Slashing the Military Budget
In a desperate attempt to balance its budget, the Indian Finance Ministry has slashed military spending by US$2 billion. The decision came amidst economic instability and a soaring fiscal deficit of 5.8 percent, leaving analysts with no option but to reduce the military budget by five percent. Budget cuts will not only affect the country’s defense sector but will also hamper the acquisition of military aircrafts and equipment in the near future. In particular, the budget cut is likely to affect the acquisition of 126 French Rafale fighter jets worth $20 billion, which India planned to acquire under the medium multi-role combat aircraft project.

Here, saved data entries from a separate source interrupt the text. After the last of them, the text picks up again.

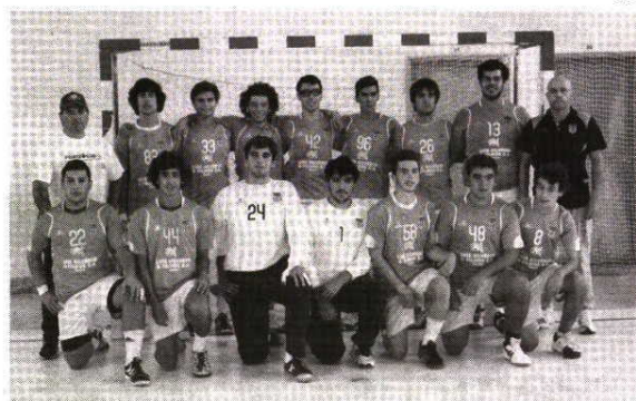
Juvenis Masculinos do Dom Fuas Roupinho ainda não venceram

Em jogo da 2ª ronda do campeonato nacional de Juniores Femininos, zona 4, o Externato Dom Fuas Roupinho recebeu e perdeu com a NAAL Passos Manuel (15-21).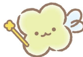
サンエックスのようせい

リラックマ、すみっこぐらし、たればんだなど、1,000を超える100%オリジナルキャラクターを生み出し続け、その不思議な魅力をオリジナルプロダクトやライセンス事業、様々なイベントやプロモーション、映像などを通じて世界中に届けています。見た目はかわいいのに、くすっと笑えるシュールさがあり、心に寄り添い包み込んでくれるような優しさを持つキャラクターたち。かわいいだけじゃないサンエックスキャラクターは多くの人々を引きつけています。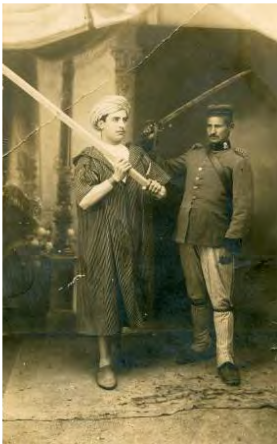
Royal (¿1920?). Generales moro y cristiano.

Dos personajes humanizaban el espectáculo: la Cristianilla, hija del general cristiano y la Morita, que lo era del general moro. En algunas representaciones el párroco local también se reservaba su papel, que generalmente era el de bautizar a la tropa infiel tras su derrota final. Las gracias de las tropas al Ayuntamiento pocas veces faltaban.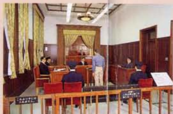
7 法院的法庭(移筑、复原) 此法庭是将昭和27年至平成3年钏路地方法院网走分院使用过的一部分移筑到这里的。

India’s military build-up began in 2010 following the infamous November 2008 New Delhi attack. A wave of paranoia and anti-Pakistan sentiment dictated the national security establishment’s demands for increased funding. Although the budget cuts will favor India’s long-term monetary goals, it will however reduce the country’s ability to invest in purchasing machinery, equipment and military weapons. India’s national security threat is also not simply confined to Pakistan. The country perceives serious competition and threats from China as well.

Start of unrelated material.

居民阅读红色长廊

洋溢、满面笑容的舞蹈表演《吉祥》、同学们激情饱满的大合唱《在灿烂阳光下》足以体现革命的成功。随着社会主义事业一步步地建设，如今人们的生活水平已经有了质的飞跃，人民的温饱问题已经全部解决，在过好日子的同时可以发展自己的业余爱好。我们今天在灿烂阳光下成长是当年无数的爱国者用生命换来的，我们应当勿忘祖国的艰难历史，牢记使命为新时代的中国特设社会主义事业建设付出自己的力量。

The reduction in India’s military budget coincides with the correspond- ing rise of its security challenges. The country’s defense outlay of $35.09 billion seems trivial as compared to China’s expenditure of $106.41 billion. Previously, India had sought a 30 percent budget increase to counter the rapid development in the military sector by China. It seems it will now have to wait before executing any such plans.
Following the cut, several key acquisition plans have been pushed for the next fiscal year. Analysts predict that this will cause serious concern in India for the country is continuously expanding its arsenal to maintain its hegemony in the region.